Selain keputusan terkait suku bunga, Bank Indonesia juga mengambil beberapa
langkah kebijakan. Pertama, melanjutkan kebijakan stabilitas nilai tukar
Rupiah agar sejalan dengan fundamental dan mekanisme pasar.
Kedua, memperkuat strategi operasi moneter guna meningkatkan transmisi stance
kebijakan moneter yang ditempuh.
Ketiga, memperpanjang periode ketentuan insentif pelonggaran GWM Rupiah
sebesar 50 bps bagi bank yang menyalurkan kredit UMKM dan ekspor impor serta
kredit non UMKM sektor-sektor prioritas yang ditetapkan dalam program
Pemulihan Ekonomi Nasional, dari semula 31 Desember 2020 menjadi sampai dengan
30 Juni 2021.
“Keempat, mendorong pengembangan instrumen pasar uang untuk mendukung
pembiayaan korporasi dan UMKM sejalan dengan program Pemulihan Ekonomi
Nasional,” sambungnya.
Terakhir, melanjutkan perluasan akseptansi QRIS dalam rangka mendukung program
pemulihan ekonomi dan pengembangan UMKM melalui perpanjangan kebijakan
Merchant Discount Rate (MDR) sebesar 0% untuk Usaha Mikro (UMI) dari 30
September 2020 menjadi sampai dengan 31 Desember 2020.

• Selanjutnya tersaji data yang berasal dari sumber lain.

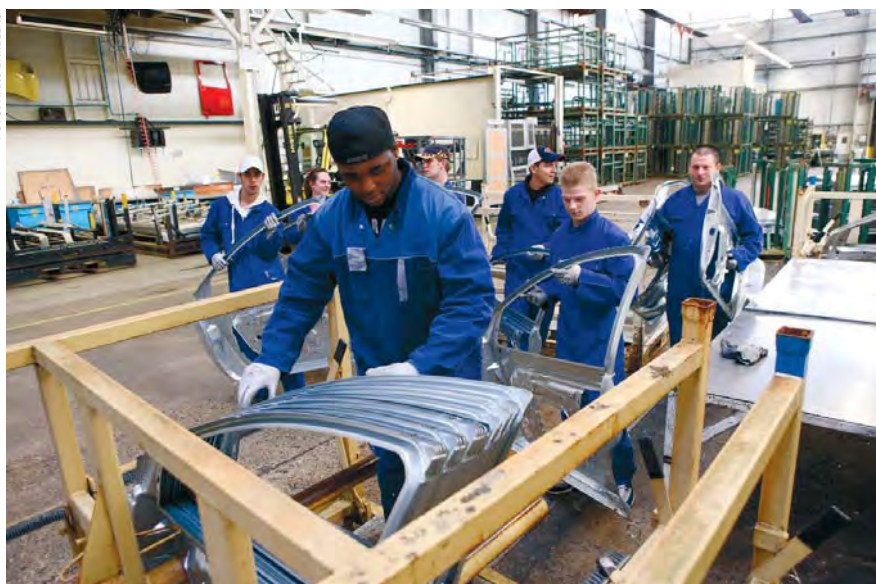
Amersfoortse jongeren in een leer-werkbaan bij voestalpine Polynorm

Trisno memaparkan, perekonomian global secara bertahap mulai membaik.
Perkembangan ini terutama didorong oleh perbaikan pertumbuhan ekonomi di
Tiongkok dan Amerika Serikat (AS), sedangkan kinerja perekonomian Eropa,
Jepang, dan India belum kuat.
Perkembangan positif di Tiongkok dan AS sejalan dengan melandainya penyebaran
Covid-19 yang mendorong meningkatnya mobilitas masyarakat global ke level
ekuilibrium normal baru dan dampak stimulus moneter dan fiskal yang cukup
besar.
Sejumlah indikator dini pada Agustus 2020 mengindikasikan prospek positif
pemulihan ekonomi global, seperti meningkatnya mobilitas, berlanjutnya
ekspansi PMI manufaktur dan jasa di AS dan Tiongkok, serta naiknya beberapa
indikator konsumsi.
Perekonomian domestik secara perlahan juga membaik, meskipun masih terbatas
sejalan mobilitas masyarakat yang melandai pada Agustus 2020.

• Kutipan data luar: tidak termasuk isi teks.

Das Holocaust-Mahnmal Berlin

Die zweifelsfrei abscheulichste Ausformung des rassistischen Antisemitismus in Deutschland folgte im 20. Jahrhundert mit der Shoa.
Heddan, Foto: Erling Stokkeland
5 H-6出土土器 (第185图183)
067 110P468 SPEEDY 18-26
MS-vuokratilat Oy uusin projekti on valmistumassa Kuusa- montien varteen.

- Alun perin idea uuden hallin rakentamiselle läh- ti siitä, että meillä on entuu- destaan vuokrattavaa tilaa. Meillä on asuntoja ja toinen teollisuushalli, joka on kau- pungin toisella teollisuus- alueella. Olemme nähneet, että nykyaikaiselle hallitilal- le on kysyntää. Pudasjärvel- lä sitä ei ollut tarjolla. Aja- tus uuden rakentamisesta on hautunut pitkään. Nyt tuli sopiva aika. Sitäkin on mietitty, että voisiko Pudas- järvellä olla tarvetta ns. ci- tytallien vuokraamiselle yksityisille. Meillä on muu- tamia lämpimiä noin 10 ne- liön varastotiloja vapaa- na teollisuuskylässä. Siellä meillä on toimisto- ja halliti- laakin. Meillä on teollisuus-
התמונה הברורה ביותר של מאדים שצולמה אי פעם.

Kinerja ekspor membaik sejalan kenaikan permintaan global khususnya dari AS
dan Tiongkok untuk beberapa komoditas seperti besi dan baja, pulp dan waste
paper, serta CPO.
Sementara itu, konsumsi rumah tangga membaik secara terbatas seiring
berlanjutnya stimulus fiskal seperti penyaluran bansos dan pemberian gaji
ke-13 kepada ASN. Beberapa indikator dini menunjukkan perbaikan seperti
penjualan ritel, indeks kepercayaan konsumen, dan PMI Manufaktur.
Inflasi tetap rendah sejalan permintaan yang belum kuat dan pasokan yang
memadai. Indeks Harga Konsumen (IHK) pada Agustus 2020 tercatat deflasi 0,05%
(mtm) sehingga inflasi IHK sampai Agustus 2020 tercatat sebesar 0.93% (ytd).

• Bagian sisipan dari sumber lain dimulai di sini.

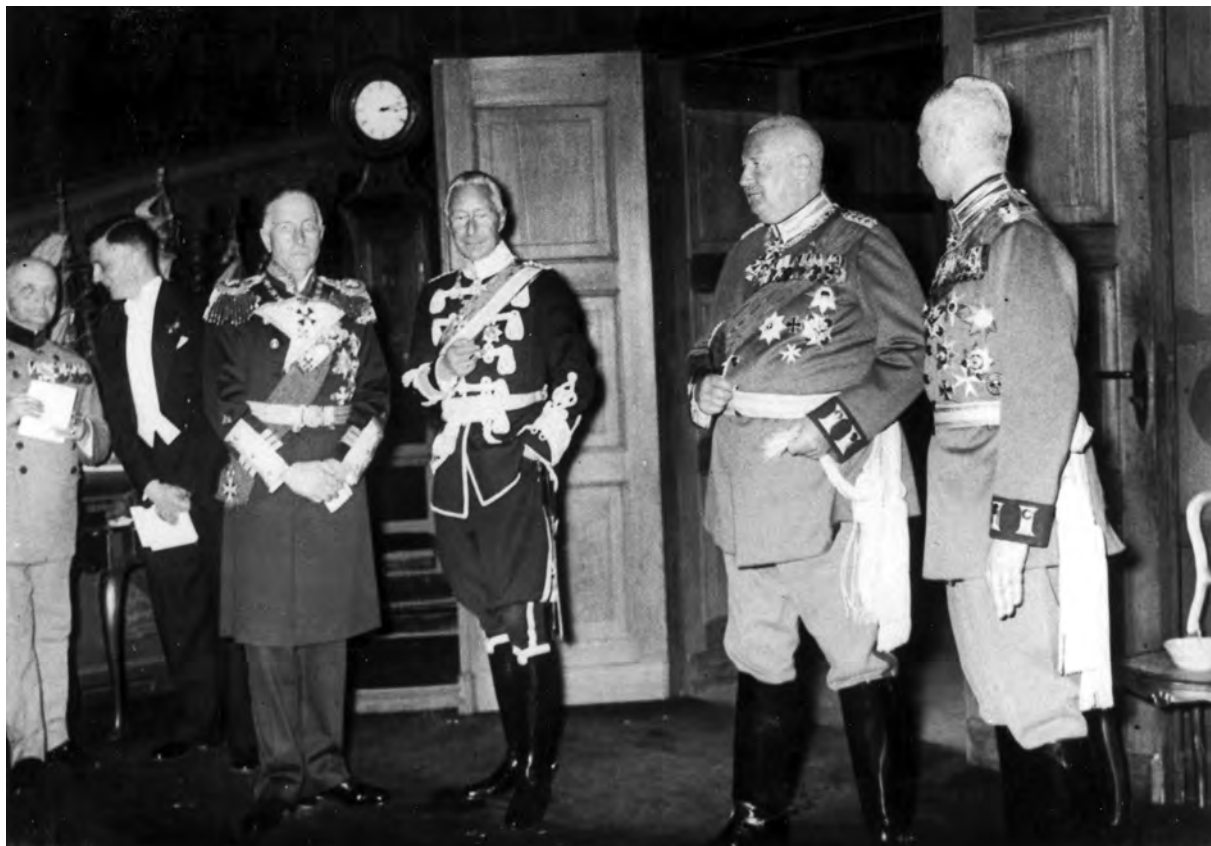
Vier Söhne des ehemaligen Kaisers, Potsdam, 2. Mai 1938

Die Söhne Wilhelms II. sind auf Einladung des Kronprinzen nach Potsdam gekommen, um die Hochzeit des Prinzen Louis Ferdinand zu feiern. Die Momentaufnahme entstand in der großen Halle des Schlosses Cecilienhof im Anschluss an die russisch-orthodoxe Trauung des zukünftigen Hohenzollernchefs.

Secara tahunan, inflasi IHK tercatat rendah sebesar 1,32% (yoy).
Pada Agustus 2020, Provinsi Bali kembali mengalami deflasi sebesar -0,16%
(mtm), sedikit lebih rendah dibandingkan deflasi bulan sebelumnya (-0,39%).
Penurunan harga terjadi pada kelompok makanan bergejolak (volatile food) dan
barang yang diatur pemerintah (administered prices), sedangkan kelompok
inflasi inti (core inflation) menunjukkan peningkatan.
Penurunan harga sebagian besar disebabkan oleh berlanjutnya penurunan harga
pada komoditas daging ayam ras, angkutan udara, sekolah dasar, bawang merah,
dan pisang. Secara tahunan, inflasi IHK di Bali tercatat rendah sebesar 0,49%
(yoy).
Mengacu Hasil Survei Pemantauan Harga (SPH) pada minggu II September 2020,
perkembangan harga mengalami penurunan sebesar -0,08% (mtm). Komoditas yang
menjadi penyumbang penurunan harga terdalam di Bali adalah daging ayam ras,
cabai merah dan cabai rawit.
Dengan kondisi tersebut, Provinsi Bali pada bulan September 2020 diperkirakan
mengalami inflasi pada kisaran 0,07% s.d. -0,13% (mtm), dan secara tahunan
inflasi diperkirakan 0,92% s.d. 1,12% (yoy).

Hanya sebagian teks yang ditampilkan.